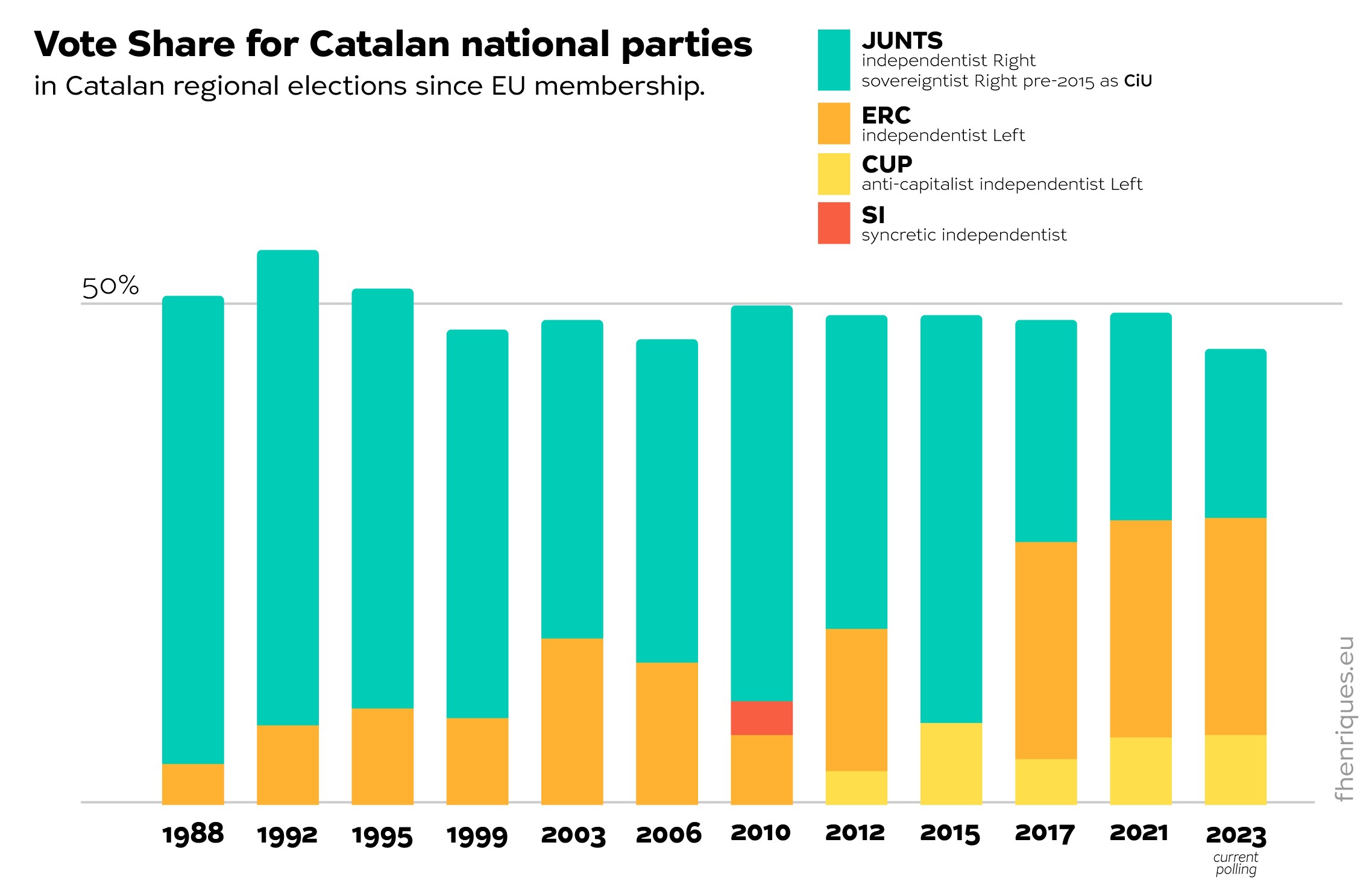 Looking to the future, the outcome of the negotiations around the July elections in Spain remains uncertain. The next federal elections in Belgium will take place on the same day as the European election in 2024. Ireland will vote in 2025. All we can say today is that the politics of borders, referendums and flags is back.
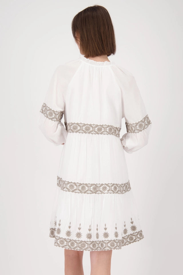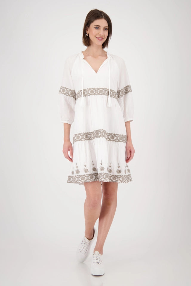 - The airy dress with embroidery impresses with its round neckline with gathers and slit.
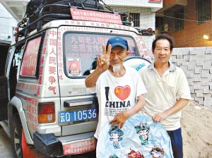 記者在廣州中大北門后面的一個小旅館見到了張汝侯、張光澤父子和他們貼滿奧運宣傳標語的越野車。張汝侯老人1919年出生,白族人,走路有點顫抖,很難相信他坐車行了31個省市自治區(qū)、341個市、2000多個縣。
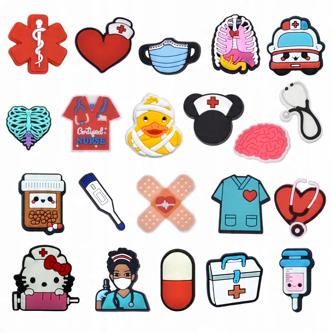 Przypinki do butów Crocs medyczne 21 sztuk. Idealny prezent dla pielęgniarek, lekarzy i studentów medycyny – stylowo i z humorem!

---------------

◆ **Exercise objective**
If you see a picture in the listing, skip it while copying everything else exactly.

◆ **Finished task**
 Looking to the future, the outcome of the negotiations around the July elections in Spain remains uncertain. The next federal elections in Belgium will take place on the same day as the European election in 2024. Ireland will vote in 2025. All we can say today is that the politics of borders, referendums and flags is back.
 - The airy dress with embroidery impresses with its round neckline with gathers and slit.
 記者在廣州中大北門后面的一個小旅館見到了張汝侯、張光澤父子和他們貼滿奧運宣傳標語的越野車。張汝侯老人1919年出生,白族人,走路有點顫抖,很難相信他坐車行了31個省市自治區(qū)、341個市、2000多個縣。
 Przypinki do butów Crocs medyczne 21 sztuk. Idealny prezent dla pielęgniarek, lekarzy i studentów medycyny – stylowo i z humorem!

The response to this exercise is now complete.